For a polynomial of degree d, the prediction function is:
$$
y = \theta_0 + \theta_1 x + \theta_2 x^2 + \cdots + \theta_d x^d
$$

The mean squared error is a measure of how well the model's predictions match the actual data:
$$
\text{MSE} = \frac{1}{m} \sum_{i=1}^{m} (y_i - \hat{y}_i)^2
$$

To determine the best-fitting polynomial degree, we try different degrees (for example, from 1 to 5) and compute the MSE for each degree:
$$
\text{MSE}(d) = \frac{1}{m} \sum_{i=1}^{m} (y_i - \hat{y}_i(d))^2
$$

In [None]:
import pandas as pd
import numpy as np
import matplotlib.pyplot as plt
from sklearn.linear_model import LinearRegression
from sklearn.preprocessing import PolynomialFeatures
from sklearn.metrics import mean_squared_error

data = pd.read_csv('solution_us14.csv', sep=";")

data['size'] = data['size'].astype(str).str.replace(',', '.').astype(float)
data['time'] = data['time'].astype(str).str.replace(',', '.').astype(float)
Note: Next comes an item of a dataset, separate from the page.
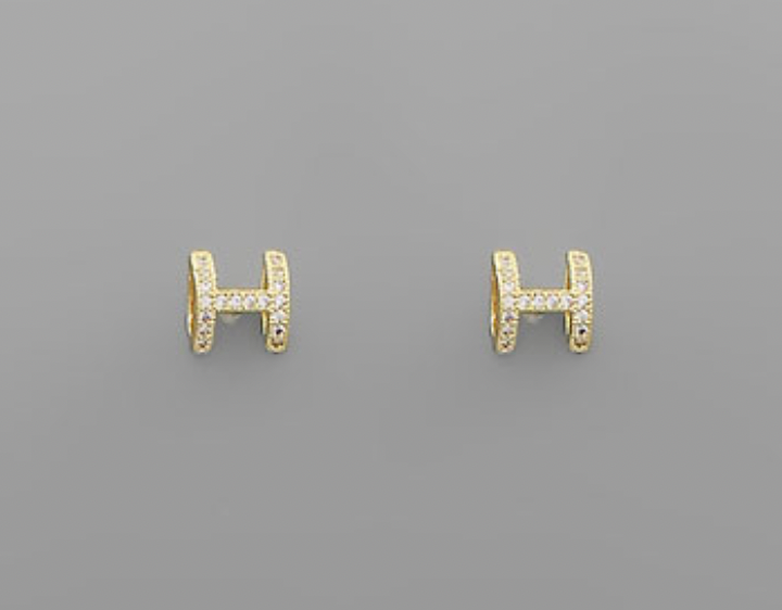 Crystal H Studs - Gold

X = data['size'].values.reshape(-1, 1)
y = data['time'].values

degrees = [1, 2, 3, 4, 5]
bestDegree = 0
bestMse = float('inf')
bestModel = None

for degree in degrees:
    polynomialFeatures = PolynomialFeatures(degree=degree)
    xPoly = polynomialFeatures.fit_transform(X)
    
    model = LinearRegression()
    model.fit(xPoly, y)
    
    yPred = model.predict(xPoly)
    mse = mean_squared_error(y, yPred)
    
    print(f'Degree: {degree}, MSE: {mse:.4f}')
    
    if mse < bestMse:
        bestMse = mse
        bestDegree = degree
        bestModel = model

polynomialFeatures = PolynomialFeatures(degree=bestDegree)
xPoly = polynomialFeatures.fit_transform(X)
yPred = bestModel.predict(xPoly)

print(f'The best-fitting polynomial degree is {bestDegree} with MSE {bestMse:.4f}')
plt.scatter(X, y, color='blue')
plt.plot(X, yPred, color='red')
plt.xlabel('Size')
plt.ylabel('Time')
plt.title(f'Polynomial Regression (Degree {bestDegree})')
plt.show()

### Conclusion

To finish what we can conclude from the results is:
1) The lower the MSE (Mean Squared Error) the better fitting polynomial degree.
2) The higher the polynomial degree the more accurate is the prediction.